Когда один купец по имени Леонардо Бартолини сказал ему во время игра в тавлеи что-то такое, что ему не понравилось, и он припомнил, что у купца было несколько братьев, из которых один, маэстро Марко, был весьма сведущ в богословии, а другой, по имени Товия, – ничтожным и придурковатым человеком, то он ответил ему: «Я терплю это от тебя как от скотины; самый мудрый из вас – Товия, если прибавить к нему еще маэстро Марко».
Таким образом, он как никто другой, имел всегда наготове ответ.
Так вот я хочу рассказать, что когда Карминьяно проходил однажды по Фраскато, он услышал, что между какими-то игроками в тавлеи происходил горячий спор.
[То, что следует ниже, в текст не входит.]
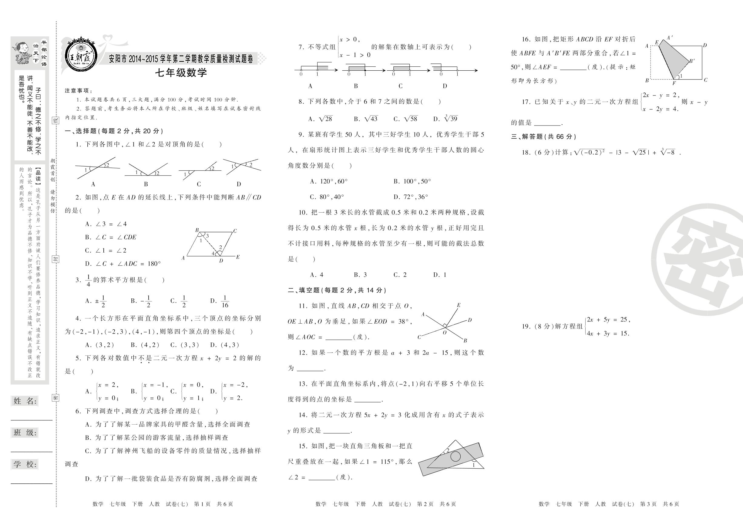 2014-2015学年第二学期安阳市七年级数学试卷(人教版)【7】
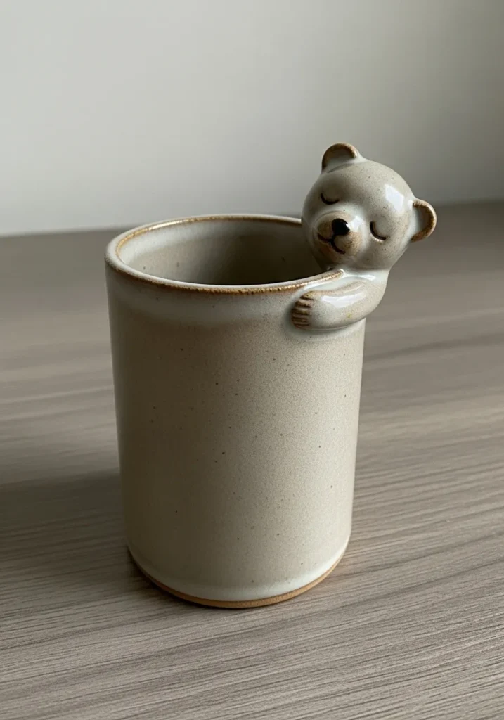 This charming ceramic mug has a soft cream body with a tiny bear peeking over the rim, its little paws holding on as if asking for a cuddle. The glaze is smooth and slightly matte, giving it a cozy, handmade look. The rounded form of the cup pairs perfectly with the small sculpted bear detail, making it both practical and heart melting.

Один из них был важным человеком и принадлежал к известной семье; другой был маленький человечек с ничтожным положением. Вокруг игроков собралось много народа, но никто не хотел сказать, кто из них был прав и кто неправ.
Сообразив в чем дело, Карминьяно выступил вперед: «Я скажу, кто неправ. Давай, решим на кулаках».
Когда важный человек, которому не хотелось, чтобы спор разрешали, сказал: «Как ты это скажешь, когда тебя здесь не было?»
Карминьяно ответил на это: «Я скажу тебе потому, что знаю ваш спор, и скажу так, что ты ничего мне не сможешь возразить».
Скромный человек, участвовавший в игре, заявил: «Что касается меня, то я согласен и прошу тебя, ради бога, сказать свое слово».
Тогда важный игрок, видя, что дело зашло далеко и может кончиться плохо, поворачивается к Карминьяно и говорит ему: «Я тоже согласен, только ради того, чтобы услышать, что ты скажешь».
Тогда Карминьяно сказал: «Я скажу, и говорю, что неправ ты. Ведь если бы ты был прав, то находящиеся здесь признали бы это, когда спор возник, и сказали бы это. Но так как ты вовсе неправ, то они не посмели сказать это, потому что на твоей стороне сила. А потому прав тот, кто играл с тобой».
Обступившие их говорили вполголоса: «Ты говоришь правду». Важный человек стал угрожать Карминьяно, говоря: «Из-за тебя я проигрываю. Клянусь телом и кровью, я тебе отплачу за это».
Карминьяно сказал тогда: «Я говорил тебе вначале, что хотел разрешить спор на кулаках и хочу еще, если я плохо рассудил. Пусть скажут все присутствующие, и если язык у них не поворачивается, то прикажи принести белые и черные бобы, и пусть они это скажут».
Влиятельный человек очень испугался этого решения и ответил «Игра в тавлеи не может ставиться в зависимость от бобов», и, покачав головой, он прибавил: «Я запомню это».
Карминьяно заметил тогда: «Запомни же», и, со своими слезящимися глазами и сопливым носом, пошел дальше.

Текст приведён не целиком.